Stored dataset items
-*-*-

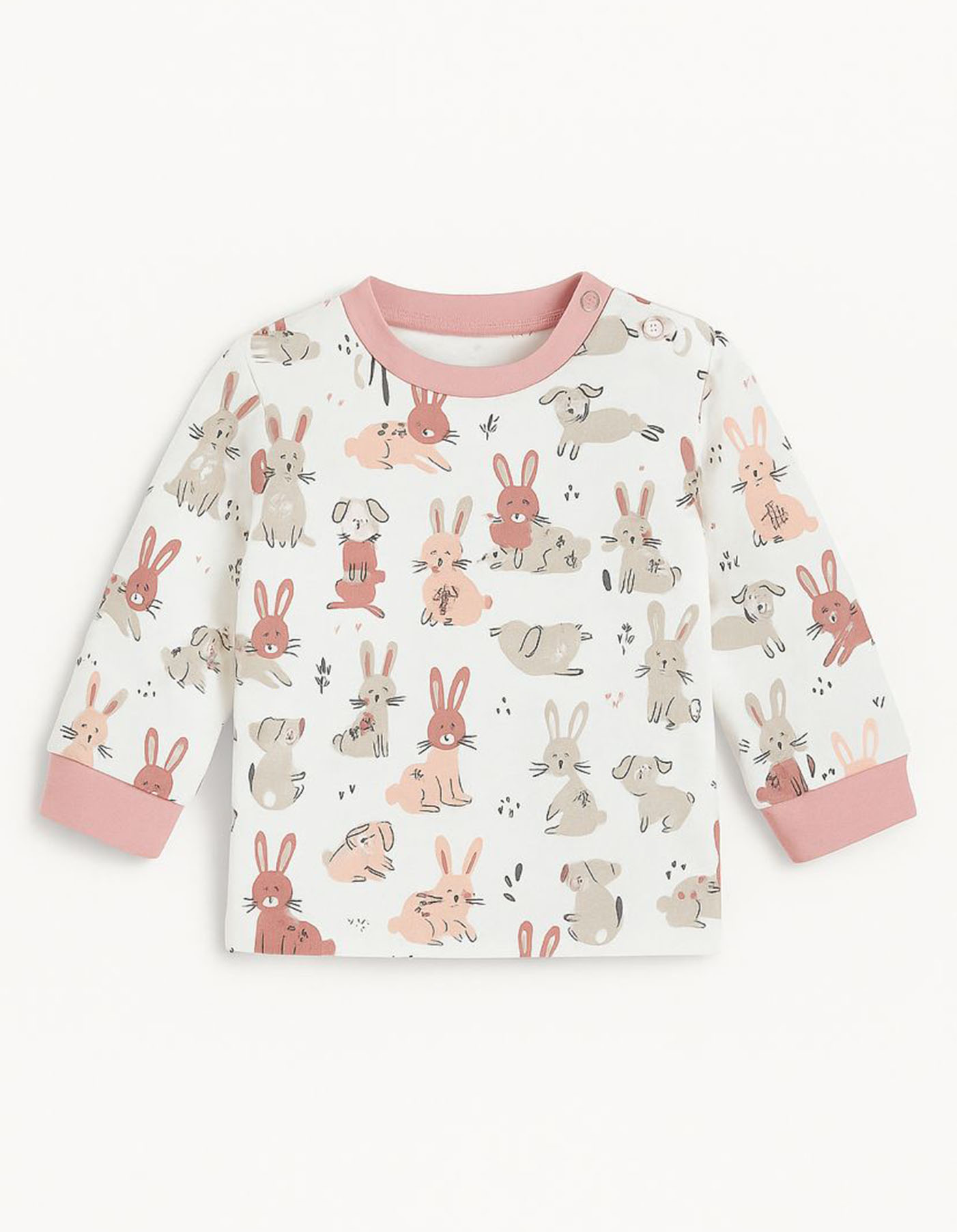 Pastel tonlardaki sevimli tavşan desenleri, hem modern hem de tatlı bir görünüm kazandırırken, omuz kısmındaki çıtçıt detayları bebeğinizi giydirip çıkarmayı  kolaylaştırır.
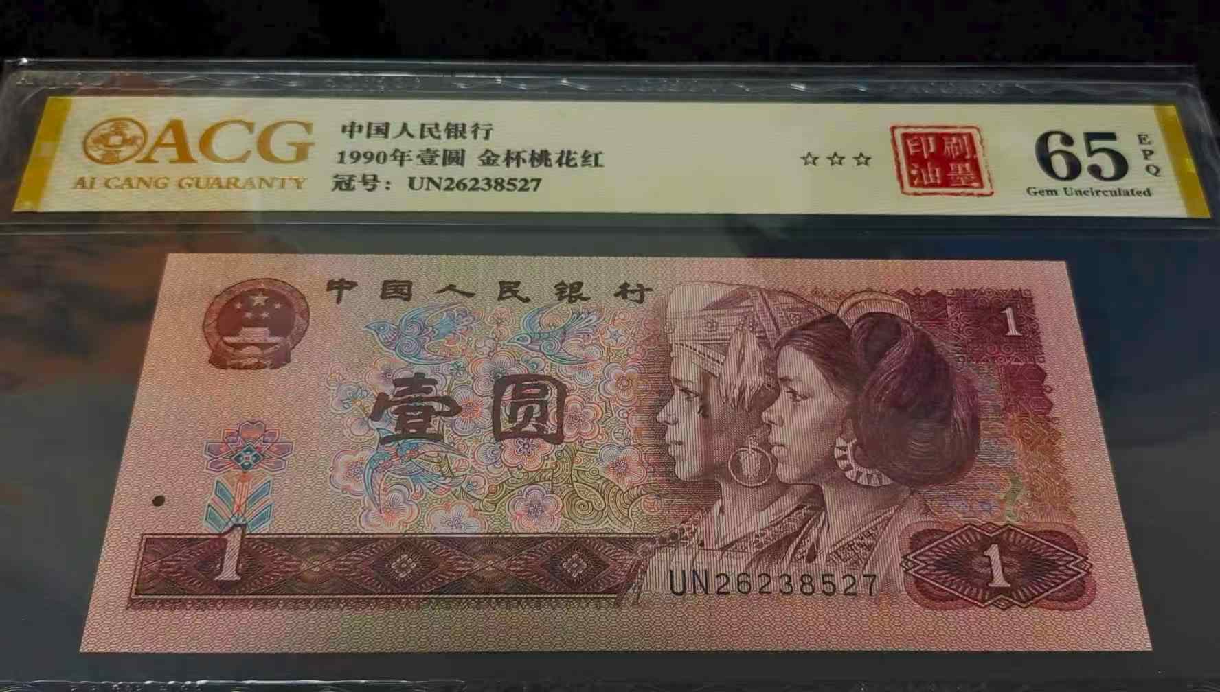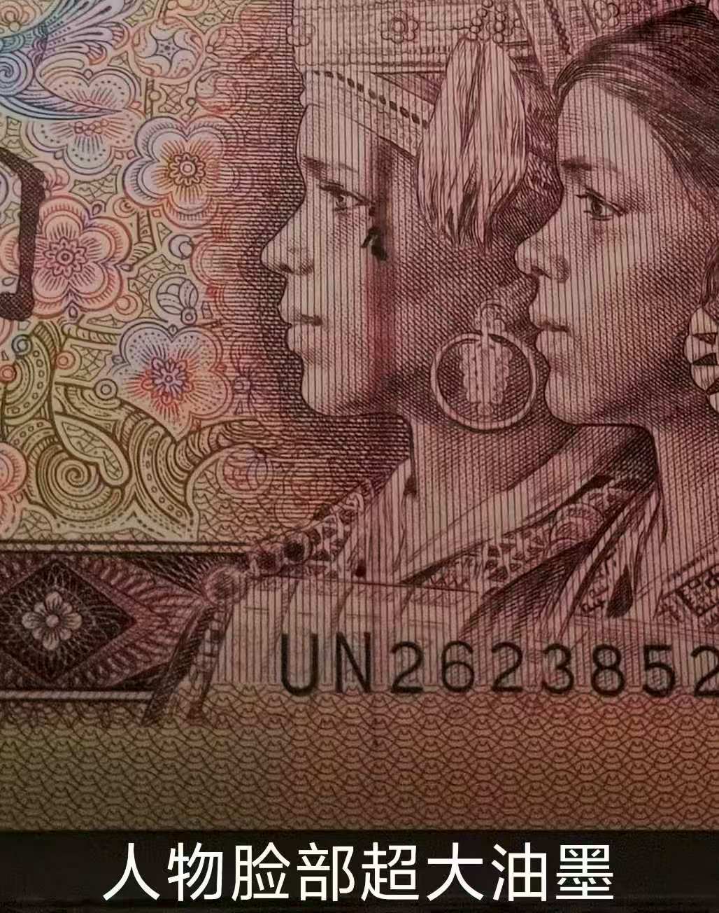 901元金杯桃花红大错币一张,如图纸币左边人物面部上有大面积印油墨,属于印刷错体币,错印部位关键,形态奇特典型,一眼清直观效果绝佳,拥有自然光下和荧光灯下的双重鉴赏之美,能出现这种情况的几率很小,存量极其稀少,珍稀度极高,打着灯笼也难找,可遇不可求,品相绝中绝无油无斑,有极大的升值空间和增值潜力。通常油墨错币最高分为65分,纸币品相嘎嘎绝,珍藏价850元
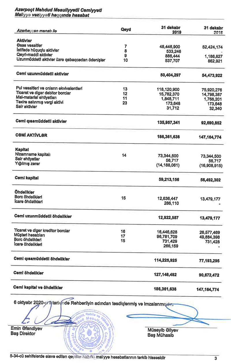 Bu il yanvarın 1-nə “Azərpoçt”un aktivləri 186 milyon 361 min manat olub ki, bu da 1 il əvvələ nisbətən 26,6% çoxdur. Hesabat dövründə şirkətin öhdəlikləri 40,2% artaraq 127,148 milyon manata, balans kapitalı isə 4,8% artaraq 59 milyon 213 min manata çatıb.
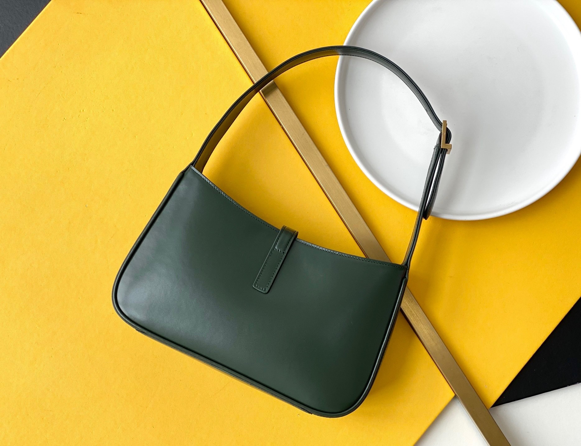 Saint Laurent Le 5 À 7 Hobo Bag in Green Smooth Leather
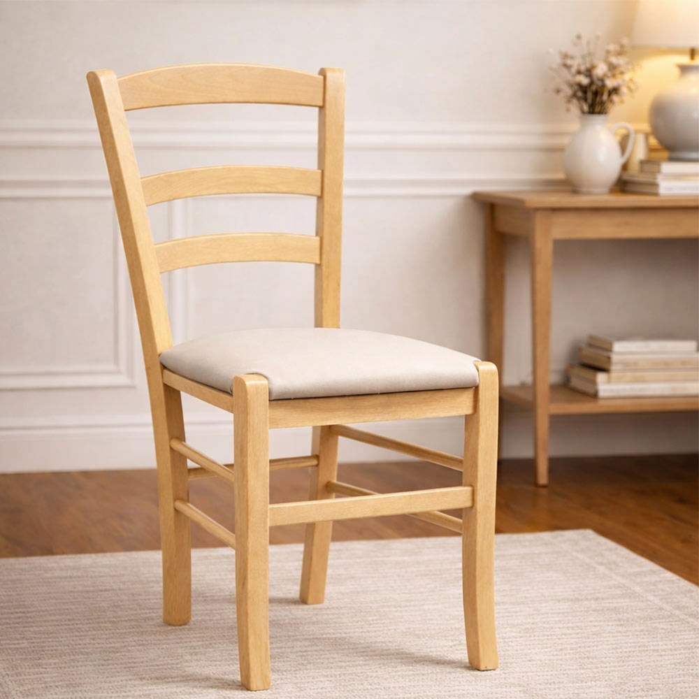Sedia color legno naturale con struttura robusta in legno e seduta imbottita beige

-*-*-

About this exercise → Out of the records above, please copy exactly the lines from the line with "901元金杯桃花红大错币一张" up to and including the line with "Bu il yanvarın", minus the pictures.

Your response →
 901元金杯桃花红大错币一张,如图纸币左边人物面部上有大面积印油墨,属于印刷错体币,错印部位关键,形态奇特典型,一眼清直观效果绝佳,拥有自然光下和荧光灯下的双重鉴赏之美,能出现这种情况的几率很小,存量极其稀少,珍稀度极高,打着灯笼也难找,可遇不可求,品相绝中绝无油无斑,有极大的升值空间和增值潜力。通常油墨错币最高分为65分,纸币品相嘎嘎绝,珍藏价850元
 Bu il yanvarın 1-nə “Azərpoçt”un aktivləri 186 milyon 361 min manat olub ki, bu da 1 il əvvələ nisbətən 26,6% çoxdur. Hesabat dövründə şirkətin öhdəlikləri 40,2% artaraq 127,148 milyon manata, balans kapitalı isə 4,8% artaraq 59 milyon 213 min manata çatıb.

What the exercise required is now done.